Brief »
Please output exactly the lines from the one that holds "Side Garage Option" through the final line of the data, and nothing else; leave out any pictures.

+-------+

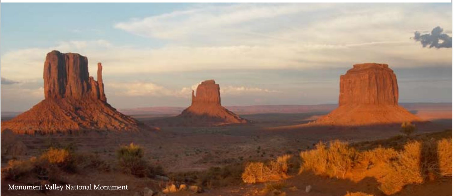
Monument Valley National Monument
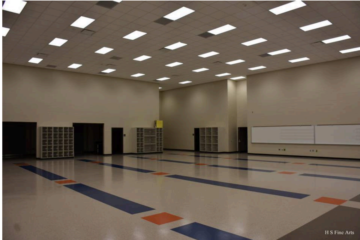
Fine Arts Facility
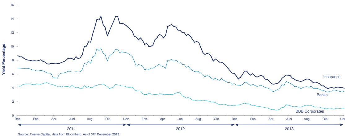
Insurance, BBB-Corporate and Bank Bonds Ask - Yields 2011 - 2013

high compared to levels seen prior to the financial market crisis. Investors who do not need highly liquid investments, such as pension funds and life insurance companies, will seek to capture attractive illiquidity premiums.
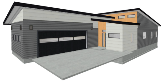
Side Garage Option
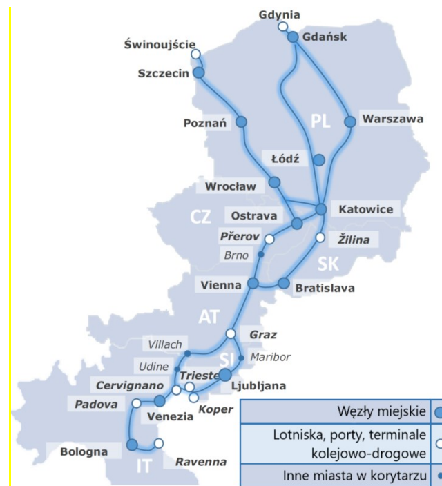
Figure 1. The course of the Baltic-Adriatic corridor.

In the area of corridor there are a total of 13 urban nodes and airports, 10 ports and nearly 24 active rail and road terminals (Bodewig, 2016, p. 7). It is built on the basis of the Baltic-Adriatic transport axis, which is dominated by rail and road routes. One of the main drawbacks of the corridor is that it is one of the few corridors that does not include inland waterways, even if it connects to the core network of the TEN-T inland waterways on different sections. However, this situation may be changed due to the planned expansion of the inland waterway transport network in Moravia. On the other hand, one of the greatest advantages of the corridor is the large number of other corridors that cross it transversely. From north to south, in order, these are the following (Lijewski, 2003):

+-------+

Solved exercise »
Side Garage Option
Figure 1. The course of the Baltic-Adriatic corridor.

In the area of corridor there are a total of 13 urban nodes and airports, 10 ports and nearly 24 active rail and road terminals (Bodewig, 2016, p. 7). It is built on the basis of the Baltic-Adriatic transport axis, which is dominated by rail and road routes. One of the main drawbacks of the corridor is that it is one of the few corridors that does not include inland waterways, even if it connects to the core network of the TEN-T inland waterways on different sections. However, this situation may be changed due to the planned expansion of the inland waterway transport network in Moravia. On the other hand, one of the greatest advantages of the corridor is the large number of other corridors that cross it transversely. From north to south, in order, these are the following (Lijewski, 2003):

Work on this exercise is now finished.